Identity schema. Which predicates can be superseded, how they alias, and how fast they decay is per-tenant. The default PERSONAL_LIFE_SCHEMA matches prior behavior. CARE_TRACKING_SCHEMA adds on_medication, dose, has_diagnosis, appointment_on as single-valued. RESEARCH_NOTES_SCHEMA keeps claims multi-valued and zero-decay. Pass via Memory(..., schema=CARE_TRACKING_SCHEMA). The schema hash is persisted per DB; opening with a different schema logs a warning but is not blocked.

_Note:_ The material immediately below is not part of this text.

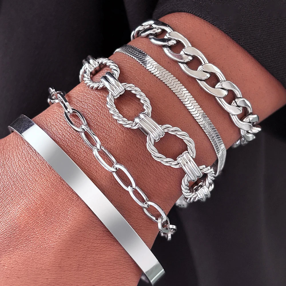 A sleek fusion of modern chains, Alvira✨ layers style, edge, and elegance into one effortless look. Crafted from durable stainless steel, these versatile bracelets can be stacked for bold impact or worn solo for a subtle, refined statement. Perfect for everyday wear or dressing up for special occasions, Alvira✨ adds a contemporary touch to any outfit.
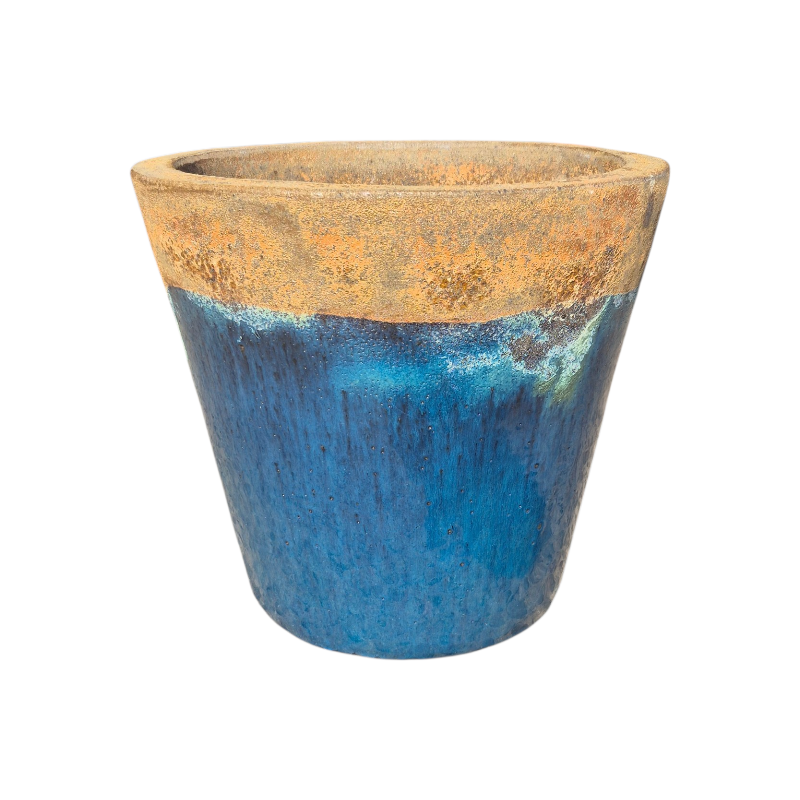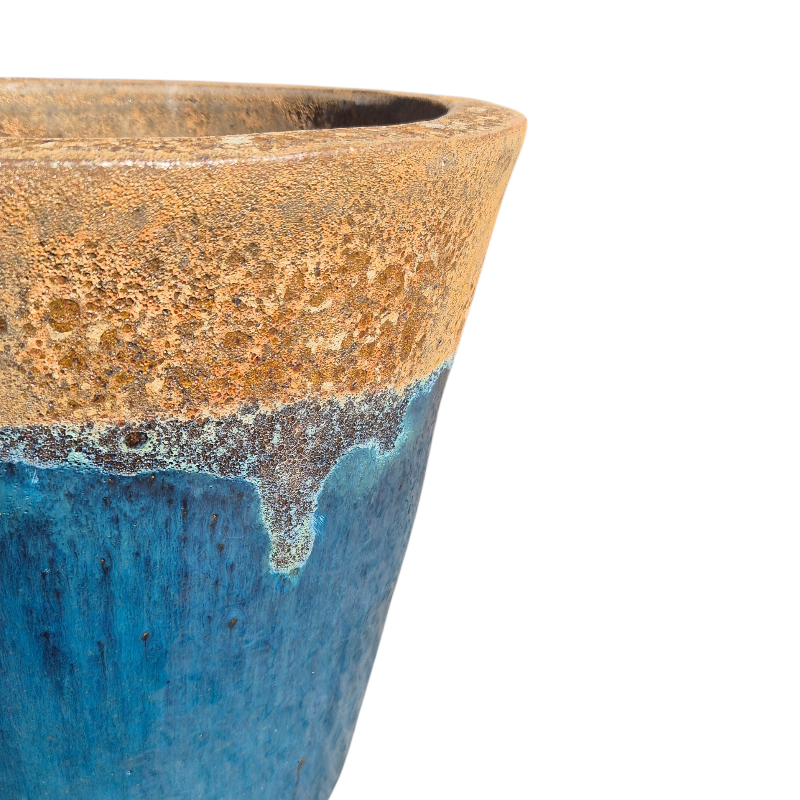 Cone shaped planter with a flat rim and a rust textured lava stone top going in to a sea blue glazed body.

Hypothetical and reported speech. Conditional / hedged inputs ("If I get the offer, I'll move to London", "maybe I'll quit next year") are flagged hypothetical=True in metadata, stored at lower confidence, and do not supersede factual memories. Reported speech ("My wife said we should move to Tokyo") is attributed: the parsed speaker becomes the fact's subject and source_speaker is recorded in metadata — the fact never overwrites the user's own. Both kinds remain retrievable at reduced retrieval weight. Disable via Config(hypothetical_detection=False) for trusted-input pipelines.

No cloud, no telemetry. Data never leaves the process. Backups are your responsibility.



API Reference

Core API
m = Memory(user_id="alice", org_id="acme", data_dir="~/.lore-memory")

m.store(text, scope="private")             # Store from natural language
m.query(query, limit=10)                   # 7-channel retrieval
m.forget(memory_id=...)                    # Soft-delete by ID
m.forget(subject="alice", hard=True)       # GDPR-style hard erase + VACUUM
m.forget_all(hard=True)                    # Remove entire user DB file
m.export_all()                             # Every row (incl. deleted) as dicts
m.export_to_jsonl("alice.jsonl")           # Portable audit dump
m.close()                                  # Persist and close

# Retrieval results that flowed through the injection classifier:
for r in m.query("who am I?"):
    r.is_suspicious          # True if write-time classifier flagged it
    r.to_llm_context()       # wraps suspicious results in untrusted delimiters

# Single-answer query with a margin-based certainty signal:
r = m.query_one("where do I live?")
if r.needs_clarification:
    ask_user(r.alternatives)   # top-1 is within 15% of top-2
else:
    use(r.answer.text)         # certainty: fraction top-1 leads top-2
Advanced API
m.store_triple("alice", "works_at", "Google", confidence=0.9)
m.profile()                            # All facts by predicate
m.profile_compact(max_tokens=200)      # Token-budgeted LLM context
m.feedback(memory_id, helpful=True)    # Drive adaptive learning
m.consolidate()                        # Decay + replay + archive
m.stats()                              # Memory counts by scope
Context manager
with Memory(user_id="alice") as m:
    m.store("I live in Amsterdam")
    results = m.query("where do I live?")
Custom embeddings
from sentence_transformers import SentenceTransformer
model = SentenceTransformer("all-MiniLM-L6-v2")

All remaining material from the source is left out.